Type 2 diabetes (T2D) results from the cells’
insulin resistance,
and to date, insulin therapy and diabetes medications targeting glycemic
management have failed to reverse the increase in T2D prevalence.
Restoring liver functions to improve hepatic insulin resistance by
reducing oxidative stress is a potential strategy for T2D treatment.
Herein, the liver-targeted biodegradable silica nanoshells embedded
with platinum nanoparticles (Pt-SiO2) are designed as reactive
oxygen species (ROS) nanoscavengers and functional hollow nanocarriers.

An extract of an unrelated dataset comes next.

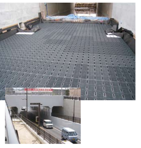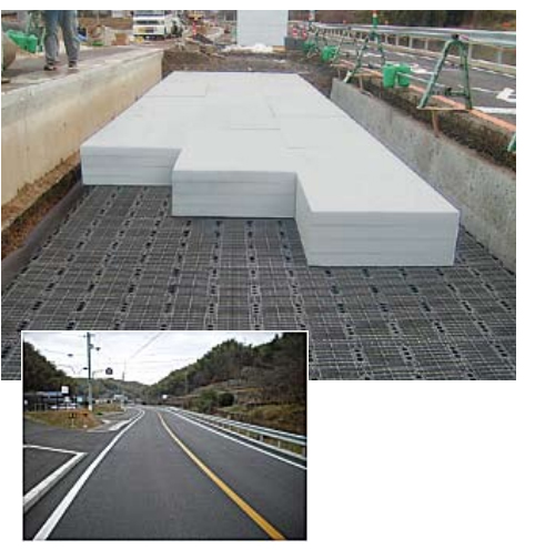 車道を横断するBOXカルバートへの荷重を軽減する軽量盛土として採用された。(EPSブロックと併用)
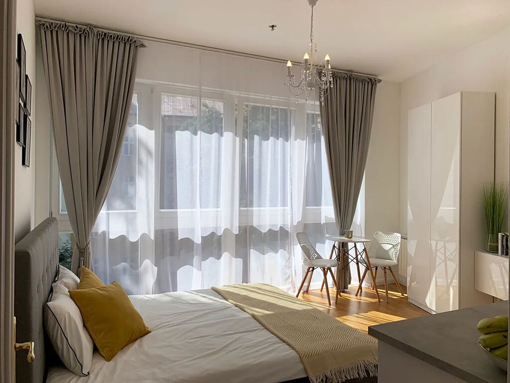 světlého bytu 1+kk ve 3. NP novorenesančního domu v pražských

Then, 2,4-dinitrophenol-methyl ether (DNPME, mitochondrial uncoupler)
is loaded inside Pt-SiO2, followed by coating a lipid bilayer
(D@Pt-SiO2@L) for long-term effective ROS removal (platinum
nanoparticles scavenge overproduced ROS, while DNPME inhibits ROS
production) in the liver tissue of T2D models. It is found that D@Pt-SiO2@L reverses elevated oxidative stress, insulin resistance,
and impaired glucose consumption in vitro, and significantly
improves hepatic steatosis and antioxidant capacity in diabetic mice
models induced by a high-fat diet and streptozotocin. Moreover, intravenous
administration of D@Pt-SiO2@L indicates therapeutic effects
on hyperlipidemia, insulin resistance, hyperglycemia, and diabetic
nephropathy, which provides a promising approach for T2D treatment
by reversing hepatic insulin resistance through long-term ROS scavenging.